Juan Manuel Fernández García
Era el atardecer del séptimo día, y era cuestión de momentos para que el crepúsculo comenzara. Los otros días me había quedado absorta, como inmersa en la nada que te provoca el pensar en tu pasado, ese pasado que es ahora nada y que te afecta más que el presente. No había comido ni bebido nada, pero no sentía hambre; si había ido a ese lugar era para tratar de salir de mi vida, y cuando estás a punto de cambiar de forma, lo último en lo que piensas es en nutrir ese cuerpo que se transmutará en un ave, al menos eso me habían dicho, y convencida estaba de lograrlo.
El viento me llegaba contra la cara y sentía cómo los rayos del sol, que moría, me llamaban hacia él. Entonces, la tranquilidad me invadió. Una paz que jamás sent,í se metió por mi nariz y dejé que llenara mis pulmones. Recorrió cada arteria, cada vena y se extendió por mi piel. Salió por cada bello de mi cuerpo, cada cabello, y fui feliz de una vez por todas. Me dejé llevar por la sensación que me embargaba, pensé que el éxtasis podría ser algo similar o menos hermoso aún. Ahora escuchaba la música en la brisa y comprendía el lenguaje que el viento siempre está tratando de hablar.
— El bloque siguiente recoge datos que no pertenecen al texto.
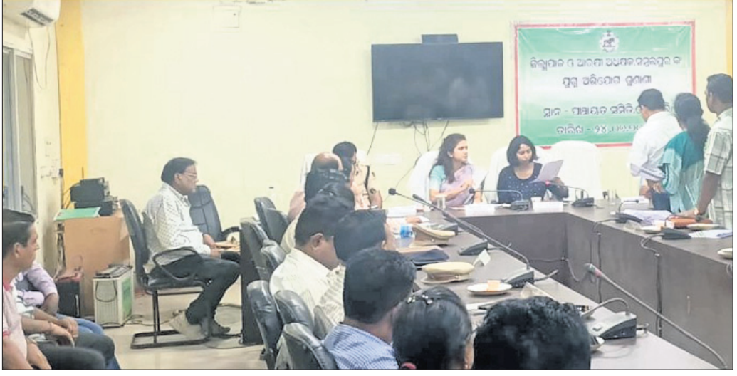
ଅଭିଯୋଗ ଶୁଣାଣିରେ ଅଧିକାରୀ ଓ ଲୋକପ୍ରତିନିଧି।

Veía el sol de frente y no me tenía que voltear la vista porque se presentó gentil, era más como una vela que como la luz implacable y árida que me había atacado los días anteriores. Los árboles parecían alegrarse con mi alegría y se movían al ritmo que el viento le marcaba.
Una oleada de pájaros de migración pasaron sobre mi cabeza formando ondas de cientos de metros y tuve el deseo de subir con ellos y seguirlos, cualquiera que fuese su destino. No era que nada me importara. Sino que ya nada tenía sentido. Tal vez pensarán que estaba loca entonces. Y lo estoy ahora que les cuento esto que fue tan verdad cómo que tú lo estás leyendo ahora.
Cuando era niña, escuché una historia que hablaba de la primer mujer de aquellas tierras, que al huir de los invasores, se arrojó al abismo, prefiriendo morir a perder su dignidad y condición dada por los dioses. Éstos, al darse cuenta de cuánto valoraba aquel ser sus presentes, le dieron una oportunidad, y al ir cayendo quedó convertida en ave y surcó el cielo libre para siempre.
Yo, buscando el mismo destino, me despojé de mis ropas, para no enredar mis nuevas alas que crecerían mientras caía al vacío, y mi metamorfosis fuera íntegra. Luego, con mis pulmones llenos de inmensa paz, retrocedí dos pasos y avancé cinco corriendo, y en el último d un salto y de pronto me encontré cayendo sin orden ni lugar hasta el abismo que terminaba en piedras redondas talladas por el lecho de un antiguo río.
Pero mis alas nunca aparecieron, tal vez los dioses estaban distraídos y no se compadecieron de mi sacrificio, ya ahora estoy atrapada dentro de las rocas, que se conmovieron, y en vez de recibirme dura y mortalmente, se hicieron como agua y me fundí con ellas, y esta historia la cuento a todos los que cansados de las jornadas, duerman cerca de el río cuando esté caudaloso.